If A always exhibits the the block structure of the matrix you give, I suggest to consider only its non-diagonal block
A3 = A[ c( 1, 3, 4 ), c( 1, 3, 4 ) ]
A3
[,1] [,2] [,3]
[1,] 6.041358e+11 5.850849e+13 6.767194e+13
[2,] 5.850849e+13 1.066390e+16 1.087463e+16
[3,] 6.767194e+13 1.087463e+16 1.131599e+16
instead of all of A for better efficiency and less rounding issues. The remaining 1-diagonal entries would remain 1 in the inverse of the square root, so no need to clutter the calculation with them. To get an impression of the impact of this simplification, note that R can calculate
A3inv = solve(A3)
while it could not calculate
Ainv = solve(A)
But we will not need A3inverse, as will become evident below.
Square root
As a general rule, the square root of a matrix A will only exist if the matrix has a diagonal Jordan normal form (https://en.wikipedia.org/wiki/Jordan_normal_form). Hence, there is no truly general solution of the problem as you require.
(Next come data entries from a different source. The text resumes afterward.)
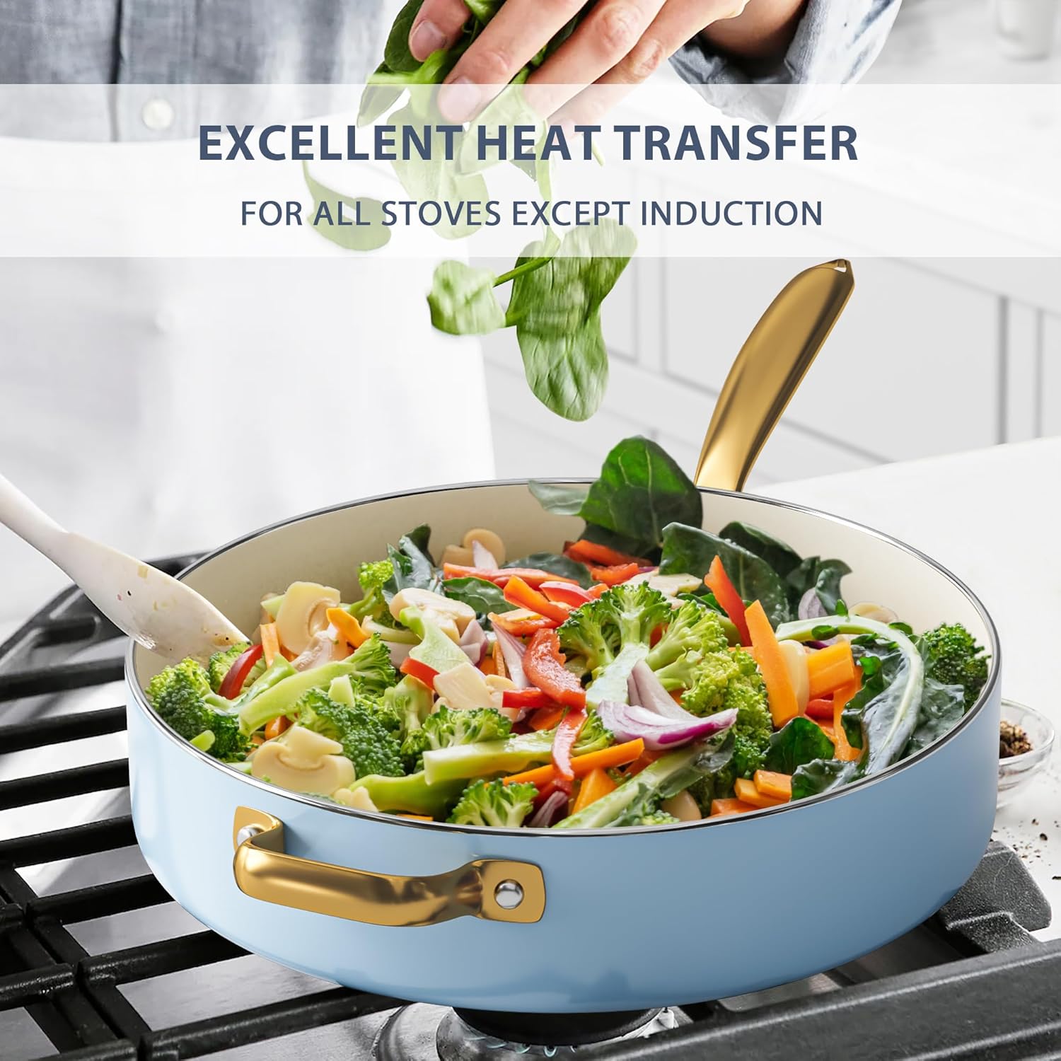 - 【Non Toxic Ceramic Coating】- Ceramic pots and pans set nonstick are free of PTFE, PFOA, PFAS, lead, cadmium and other toxic materials, 100% safe for you, your family, and the environment
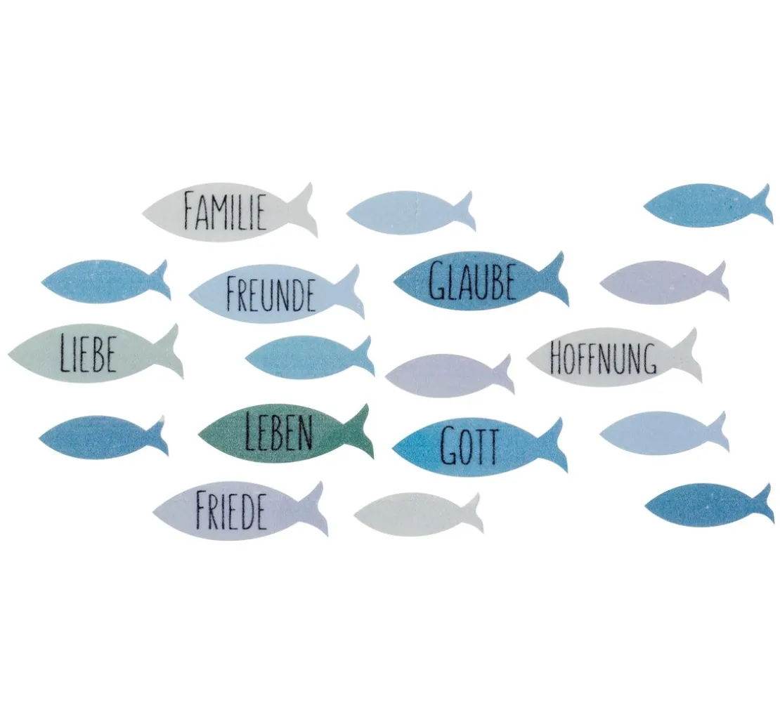 Dieses Wachsmotiv ist ca. 8,5 cm lang und 5 cm hoch. Einige Fische sind Wörtern wie Familie, Freunde, Glaube, Liebe, Hoffnung, Leben, Gott und Friede beschriftet.
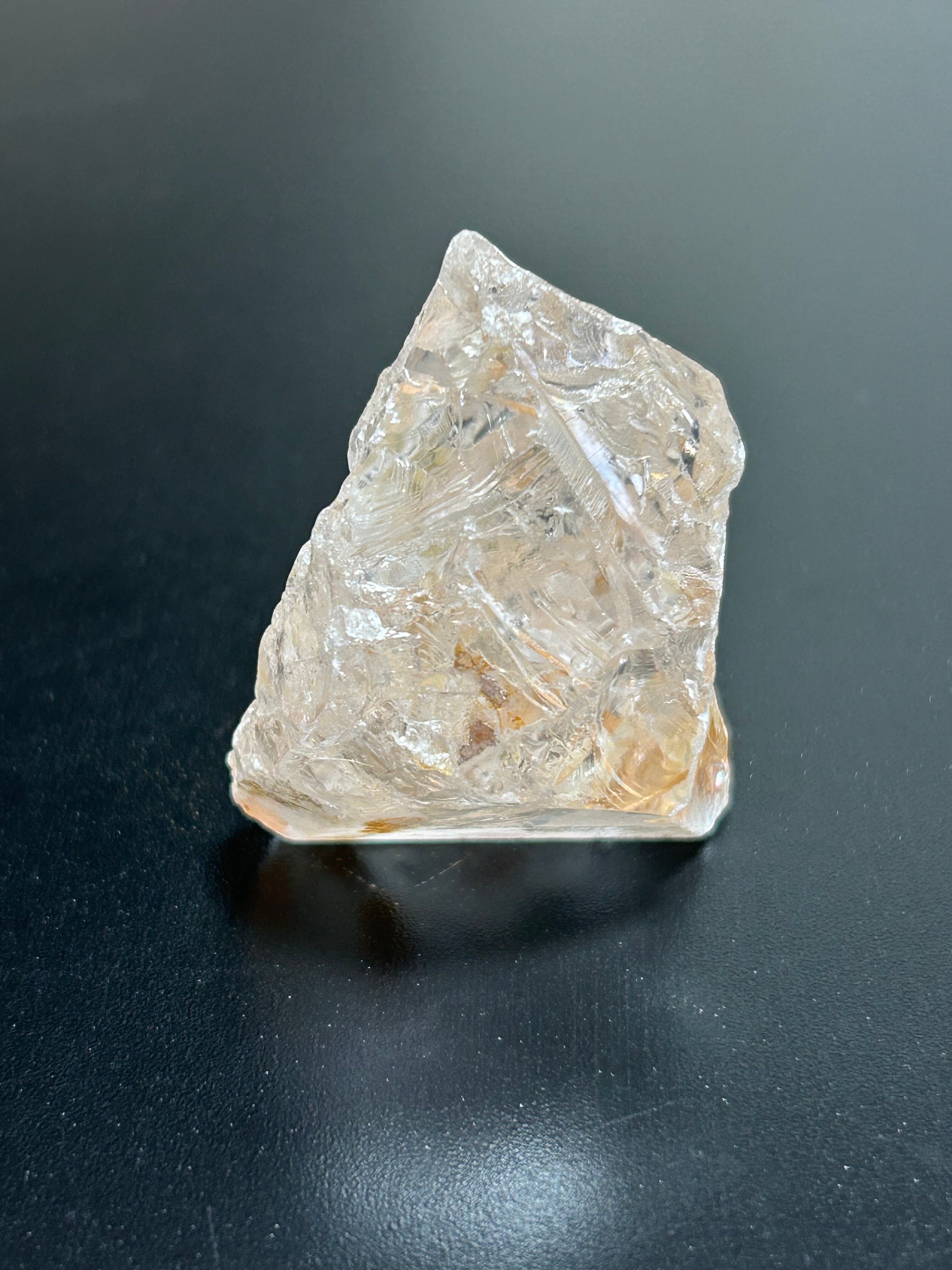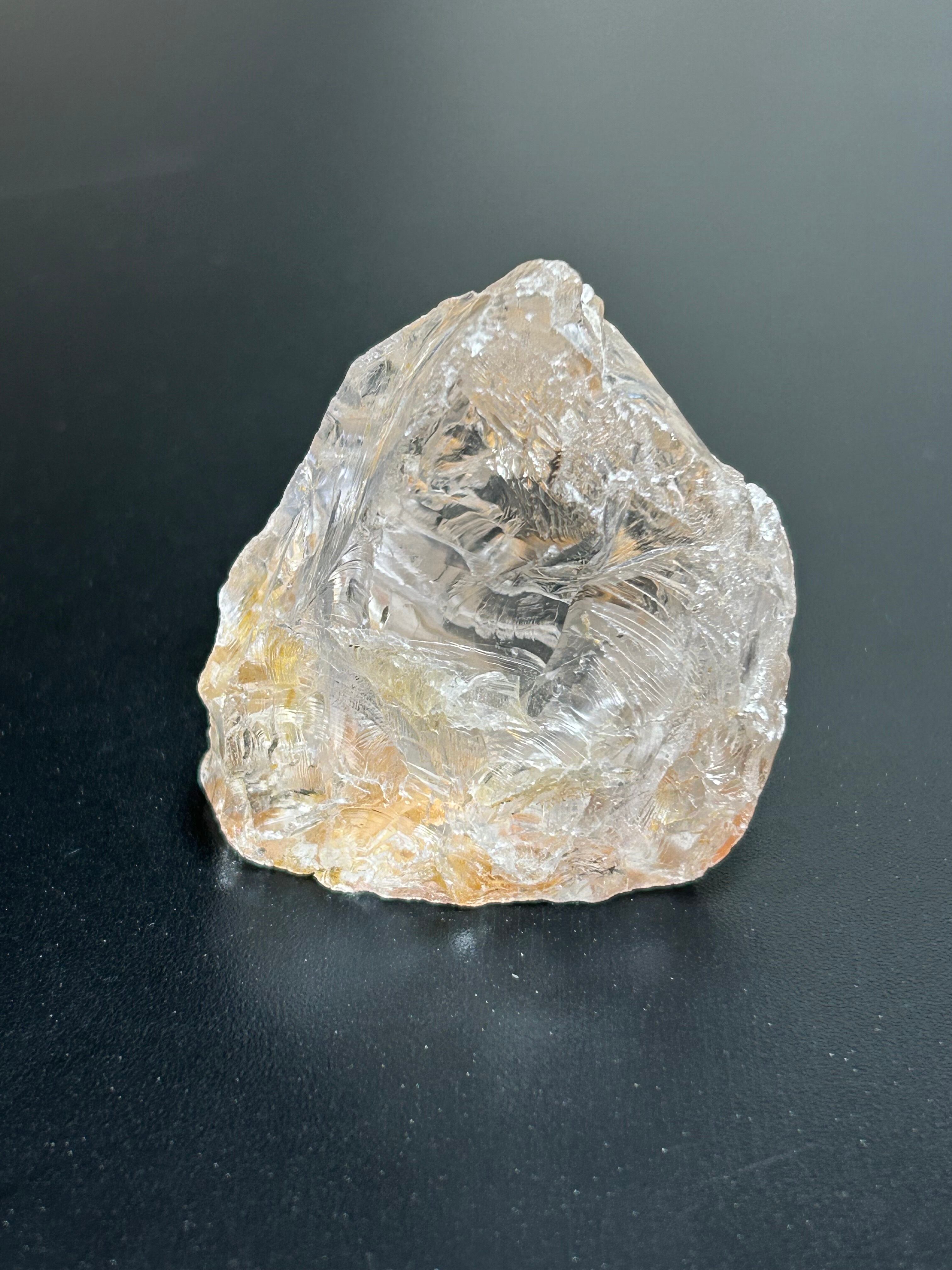 氷のように美しい水晶に一面だけ酸化鉄が付着していて良い色合いを出しています。
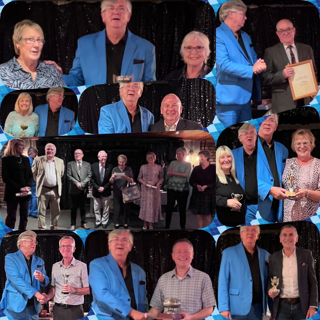A lovely montage of the runners and riders at our Annual Dinner. Centre stage are 5 of our 15 new members this year. Surrounding from top right working clockwise Fylde’s very own band “Primary Colours”, Earning their blues for first time representing Fylde competitively – Aileen Watt and Alison Broughton and presenting the awards to the Fylde Internal Competition winners founder member Geoffrey Lipshaw with Maurice Myers ( Trafalgar Plate Handicap Golf), Ian Theakstone (Green Trophy Handicap AC), Jan Smith and Cyd Harbottle (Tower Trophy Handicap Golf Doubles), Liz Wilson (Rose Bowl AC Advanced) and Cyd Harbottle (Midgeland Trophy Handicap Golf). We had a wonderful night, netting £285 for the club. A well organised event (thank you Cyd, Jan and Liz) with good food and good company.
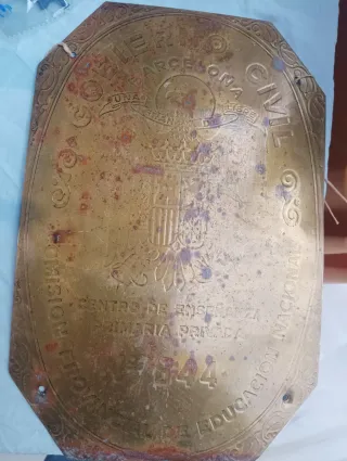 Antigua chapa de latón conmemorativa de Barcelona. - Escudo del Gobierno Civil. - Centro de Enseñanza Primaria Privada. - Comisión Provincial de Educación Nacional. - Año: 1944. Medidas: 23 x 35 ctms.
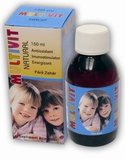 Siropul MULTIVIT Natural conţine o formulă echilibrată de vitamine şi minerale esenţiale creşterii, dezvoltării şi bunei funcţionări a organismului. Are o actiune puternic antioxidantă şi imunostimulatoare protejând organismul de radicalii liberi şi faţă de acţiunea agenţilor patogeni. Grupul de vitamine B este indispensabil pentru o bună stare de sănătate şi pentru desfăşurarea normală a proceselor metabolice. Calciul sub formă de Citrat Malat de Calciu prezintă cel mai ridicat grad de absorbţie la nivelul organismului (60-70%) şi alături de Vitamina D3 promovează sănătatea oaselor şi a dinţilor.
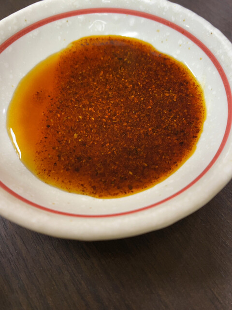 焼き餃子用に作成した餃子のタレwith濃いラー油を少し掛けて…
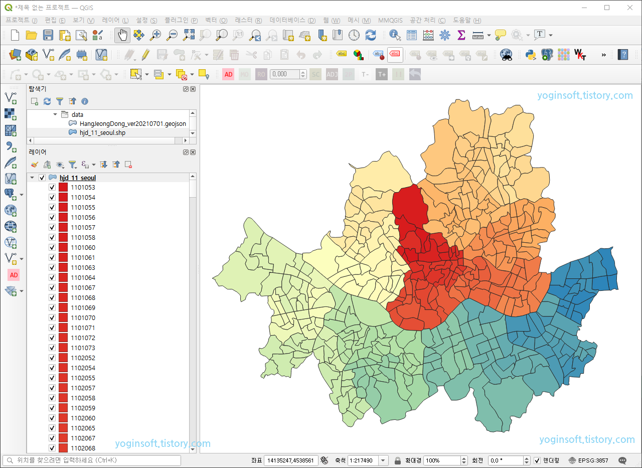 아래 그림에서 처럼, QGIS의 레이어 속성 > 심볼 설정을 통해 스타일을 지정하면 바로 확인이 가능합니다.
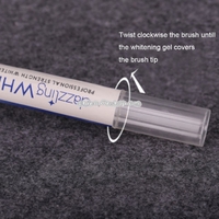4. rotating at the back of the whitening pen to squeeze the whitening gel onto brush head, the teeth whitening gel evenly apply on the mandibular teeth, daub thickness of about 1 mm (usually, whitening range for each 8-10 teeth up and down).Each treatment takes 20 minutes and lasts a week.
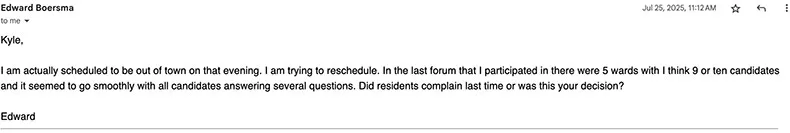 Boersma, like Beeder, has participated in a Post event before, in 2023 when he ran as a write-in candidate for Prairie Village City Council. I pointed that out in my email to him.
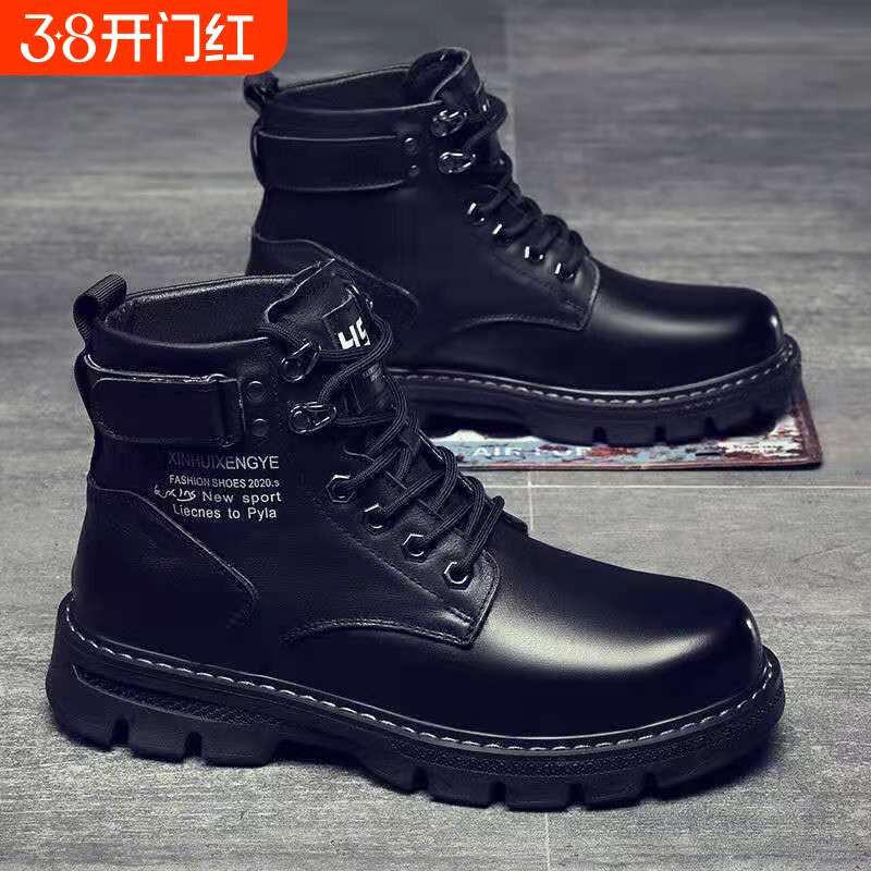 马丁靴男2025新款冬季男鞋韩版潮流男士加绒靴子百搭高帮休闲皮鞋
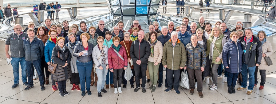 Gruppenbild gemeinsam mit Rita Hagl-Kehl, SPD-Bundestagsabgeordnete, in der Kuppel des Reichstagsgebäudes.
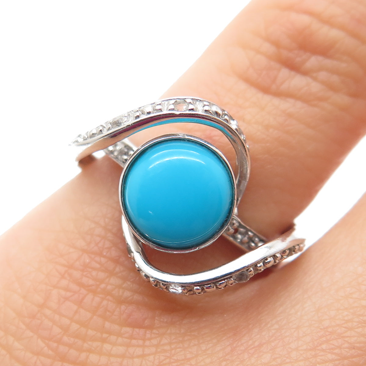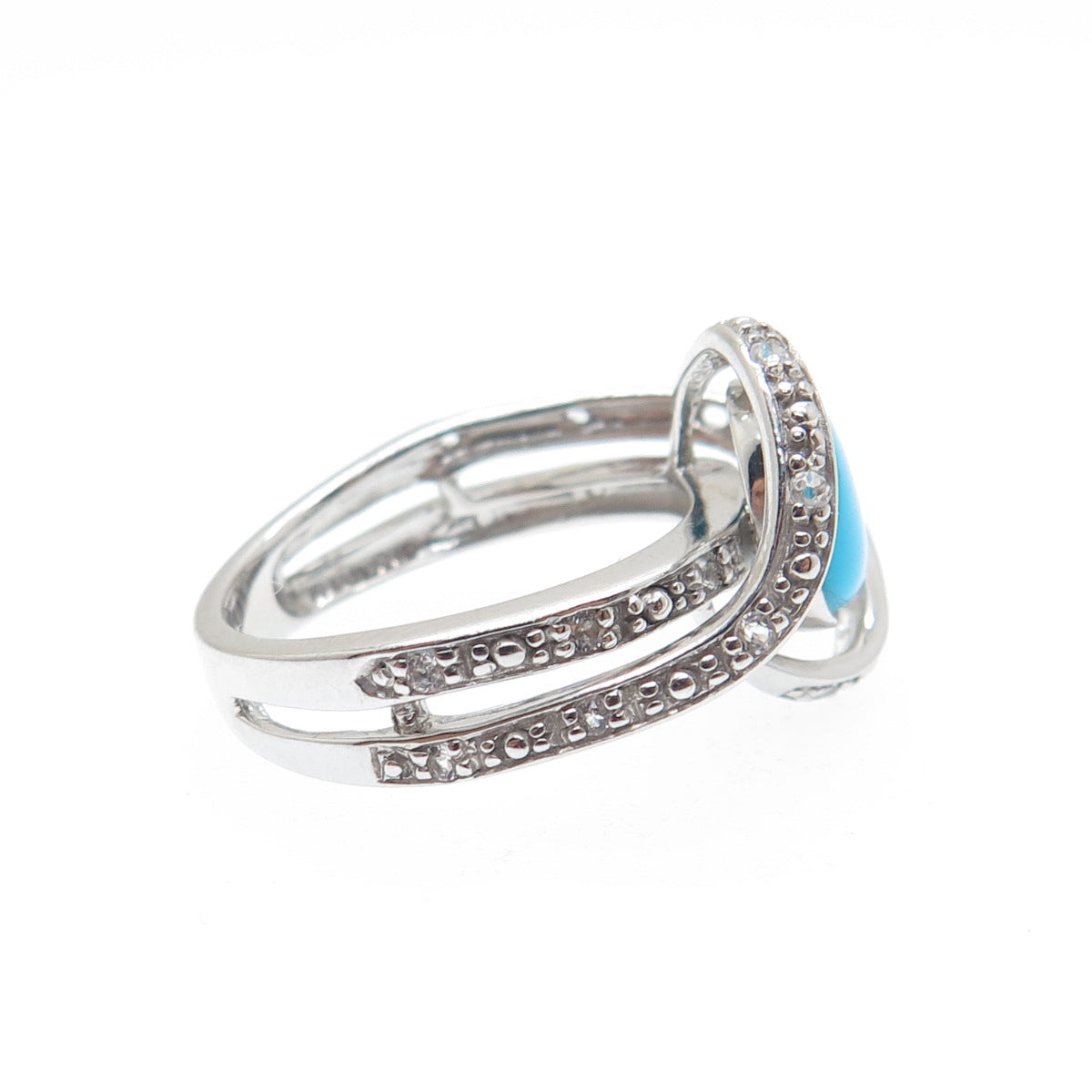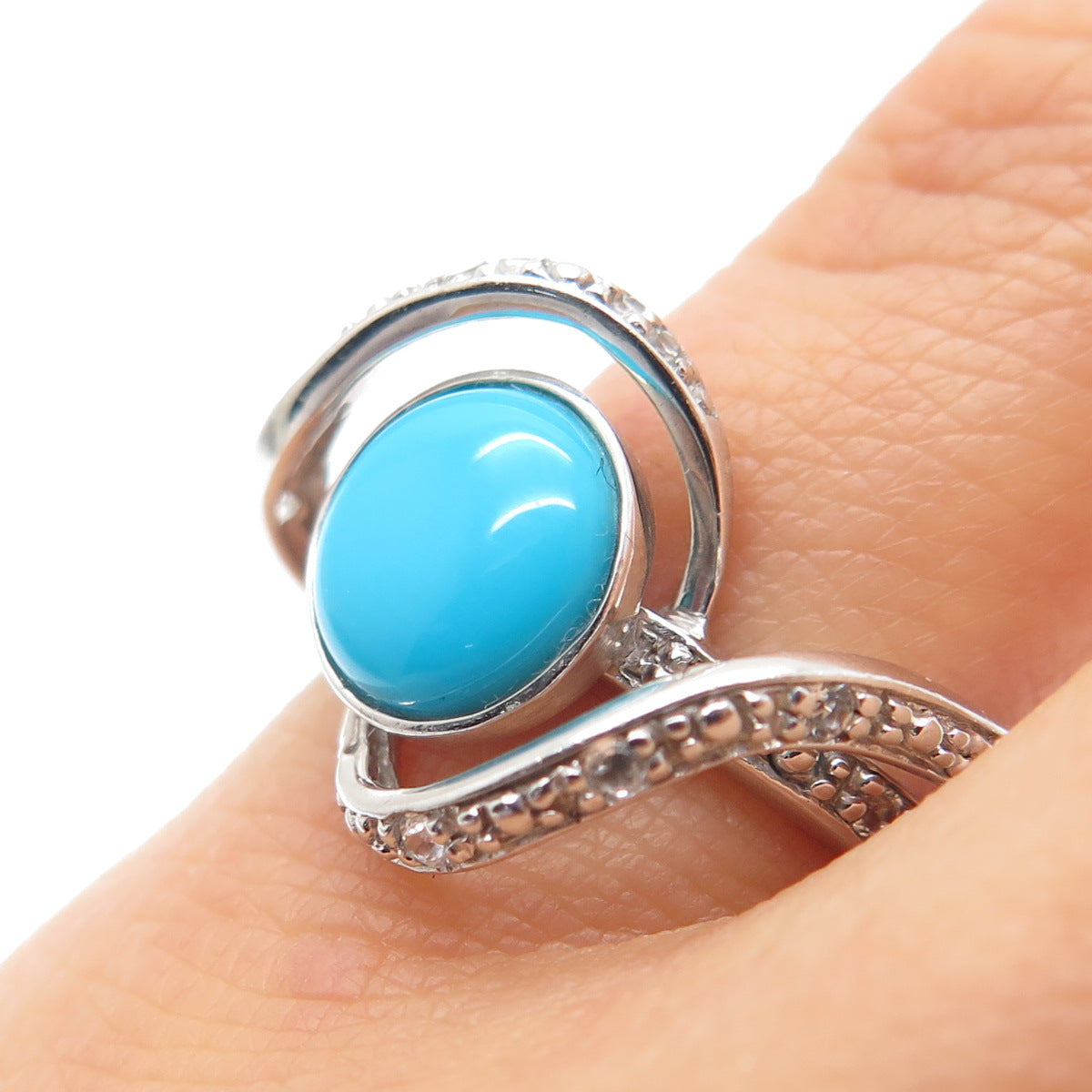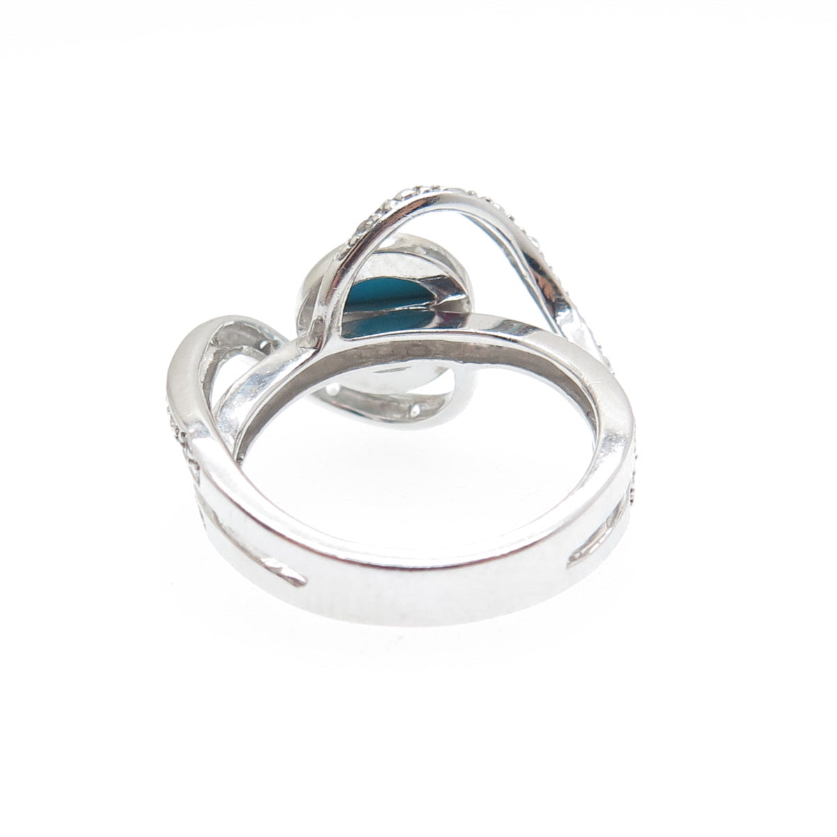 FD FELICIA DESIGN 925 Sterling Silver Real Turquoise White Topaz Ring Size 5.25

Fortunately, like “most” (real or complex) matrices are invertible, “most” (real or complex) matrices have a diagonal complex Jordan normal form. In this case, the Jordan normal form
A3 = T·J·T⁻¹
can be calculated in R as such:
X = eigen(A3)
T = X$vectors
J = Diagonal( x=X$values )
To test this recipe, compare
Tinv = solve(T)
T %*% J %*% Tinv
with A3. They should match (up to rounding errors) if A3 has a diagonal Jordan normal form.
Since J is diagonal, its squareroot is simply the diagonal matrix of the square roots
Jsqrt = Diagonal( x=sqrt( X$values ) )
so that Jsqrt·Jsqrt = J. Moreover, this implies
(T·Jsqrt·T⁻¹)² = T·Jsqrt·T⁻¹·T·Jsqrt·T⁻¹ = T·Jsqrt·Jsqrt·T⁻¹ = T·J·T⁻¹ = A3
so that in fact we obtain
√A3 = T·Jsqrt·T⁻¹
or in R code
A3sqrt = T %*% Jsqrt %*% Tinv
To test this, calculate
A3sqrt %*% A3sqrt
and compare with A3.
Square root of the inverse
The square root of the inverse (or, equally, the inverse of the sqare root) can be calculated easily once a diagonal Jordan normal form has been calculated. Instead of J use
Jinvsqrt = Diagonal( x=1/sqrt( X$values ) )
and calculate, analogously to above,
A3invsqrt = T %*% Jinvsqrt %*% Tinv
and observe
A3·A3invsqrt² = … = T·(J/√J/√J)·T⁻¹ = 1
the unit matrix so that A3invsqrt is the desired result.
In case A3 is not invertible, a generalised inverse (not necessarily the Moore-Penrose one) can be calculated by replacing all undefined entries in Jinvsqrt by 0, but as I said above, this should be done with suitable care in the light of the overall application and its stability against rounding errors.
In case A3 does not have a diagonal Jordan normal form, there is no square root, so the above formulas will yield some other result. In order not to run into this case at times of bad luck, best implement a test whether
A3invsqrt %*% A3 %*% A3invsqrt
is close enough to what you would consider a 1 matrix (this only applies if A3 was invertible in the first place).
PS: Note that you can prefix a sign ± for each diagonal entry of Jinvsqrt to your liking.